(INFORMATION GIVEN Opens)
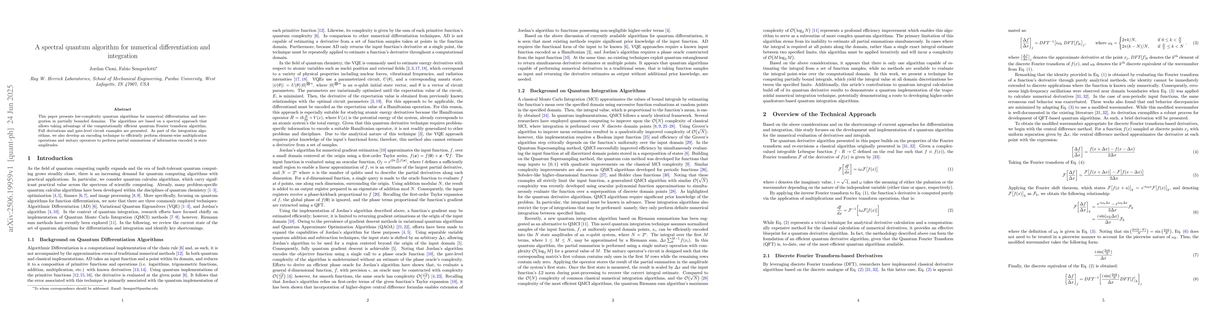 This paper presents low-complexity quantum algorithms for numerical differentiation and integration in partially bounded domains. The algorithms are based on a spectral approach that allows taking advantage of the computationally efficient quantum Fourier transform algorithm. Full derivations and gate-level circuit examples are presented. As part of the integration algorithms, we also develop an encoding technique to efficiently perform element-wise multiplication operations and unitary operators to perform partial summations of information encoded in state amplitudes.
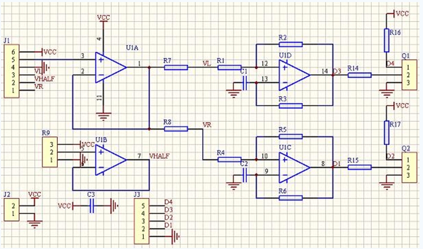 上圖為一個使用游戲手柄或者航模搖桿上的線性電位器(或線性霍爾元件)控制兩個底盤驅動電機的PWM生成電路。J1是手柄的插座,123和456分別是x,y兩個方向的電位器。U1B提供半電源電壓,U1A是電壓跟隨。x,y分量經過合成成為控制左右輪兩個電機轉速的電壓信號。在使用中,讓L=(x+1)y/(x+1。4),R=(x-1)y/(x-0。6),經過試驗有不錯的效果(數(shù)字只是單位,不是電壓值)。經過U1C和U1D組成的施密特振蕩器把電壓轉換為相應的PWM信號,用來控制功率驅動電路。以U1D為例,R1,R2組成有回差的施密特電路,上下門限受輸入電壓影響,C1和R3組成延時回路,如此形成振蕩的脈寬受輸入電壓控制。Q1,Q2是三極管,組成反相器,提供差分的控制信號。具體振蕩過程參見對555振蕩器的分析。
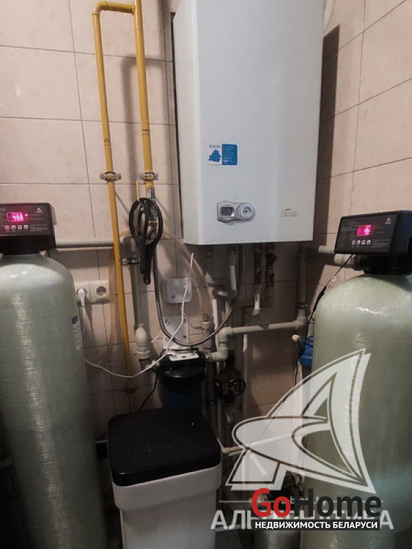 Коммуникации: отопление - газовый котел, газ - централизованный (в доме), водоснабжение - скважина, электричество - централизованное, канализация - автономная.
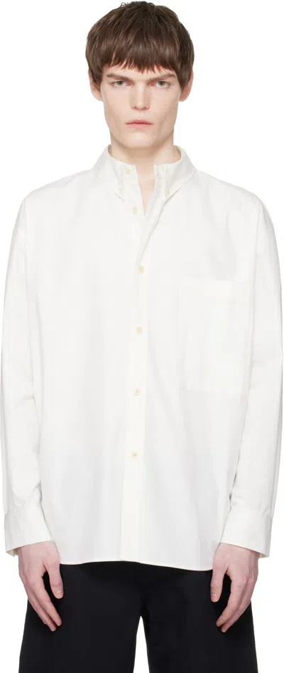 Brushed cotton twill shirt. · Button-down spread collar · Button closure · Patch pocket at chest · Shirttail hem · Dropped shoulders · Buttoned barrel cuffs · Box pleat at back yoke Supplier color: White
(INFORMATION GIVEN Closes)
(INFORMATION GIVEN Opens)
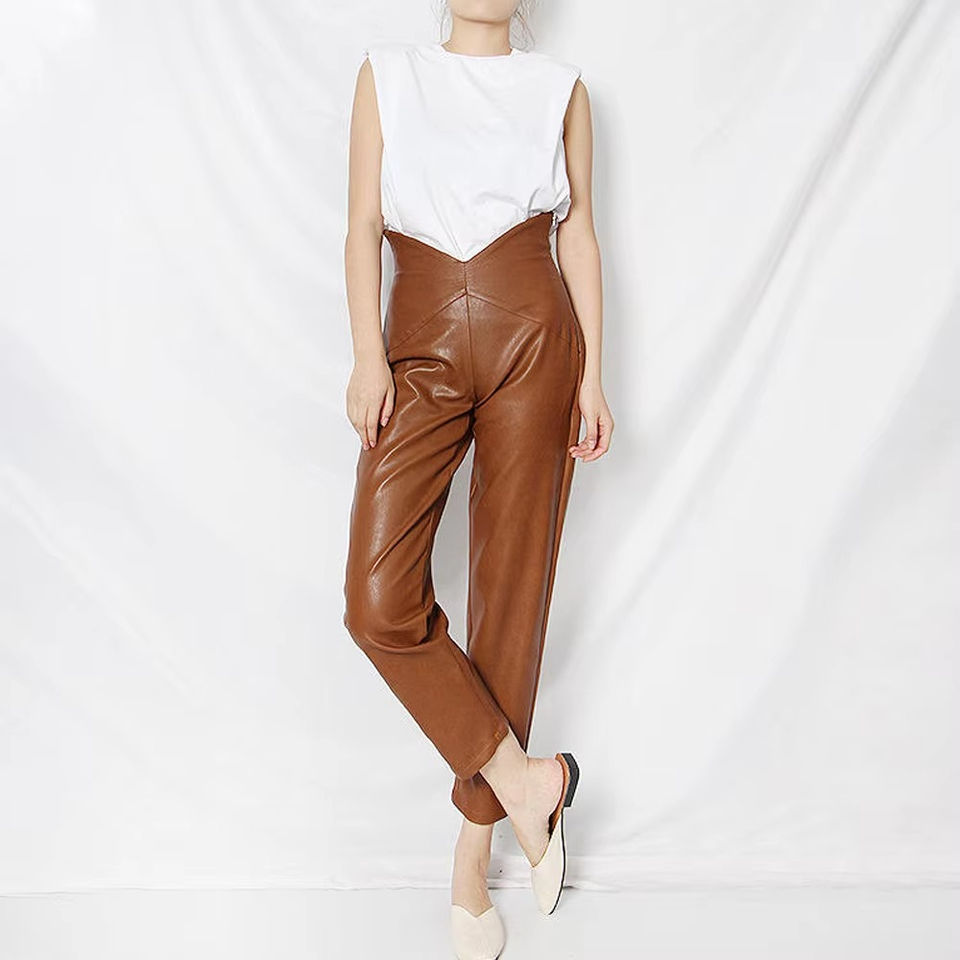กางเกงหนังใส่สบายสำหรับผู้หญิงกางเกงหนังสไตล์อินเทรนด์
(INFORMATION GIVEN Closes)
DESCRIPTION OF THE TASK
Reproduce the data above exactly, but only the lines from the one showing "This paper presents" through the one showing "Brushed cotton twill", with both ends kept and the pictures left out.

YOUR RESPONSE
 This paper presents low-complexity quantum algorithms for numerical differentiation and integration in partially bounded domains. The algorithms are based on a spectral approach that allows taking advantage of the computationally efficient quantum Fourier transform algorithm. Full derivations and gate-level circuit examples are presented. As part of the integration algorithms, we also develop an encoding technique to efficiently perform element-wise multiplication operations and unitary operators to perform partial summations of information encoded in state amplitudes.
 上圖為一個使用游戲手柄或者航模搖桿上的線性電位器(或線性霍爾元件)控制兩個底盤驅動電機的PWM生成電路。J1是手柄的插座,123和456分別是x,y兩個方向的電位器。U1B提供半電源電壓,U1A是電壓跟隨。x,y分量經過合成成為控制左右輪兩個電機轉速的電壓信號。在使用中,讓L=(x+1)y/(x+1。4),R=(x-1)y/(x-0。6),經過試驗有不錯的效果(數(shù)字只是單位,不是電壓值)。經過U1C和U1D組成的施密特振蕩器把電壓轉換為相應的PWM信號,用來控制功率驅動電路。以U1D為例,R1,R2組成有回差的施密特電路,上下門限受輸入電壓影響,C1和R3組成延時回路,如此形成振蕩的脈寬受輸入電壓控制。Q1,Q2是三極管,組成反相器,提供差分的控制信號。具體振蕩過程參見對555振蕩器的分析。
 Коммуникации: отопление - газовый котел, газ - централизованный (в доме), водоснабжение - скважина, электричество - централизованное, канализация - автономная.
 Brushed cotton twill shirt. · Button-down spread collar · Button closure · Patch pocket at chest · Shirttail hem · Dropped shoulders · Buttoned barrel cuffs · Box pleat at back yoke Supplier color: White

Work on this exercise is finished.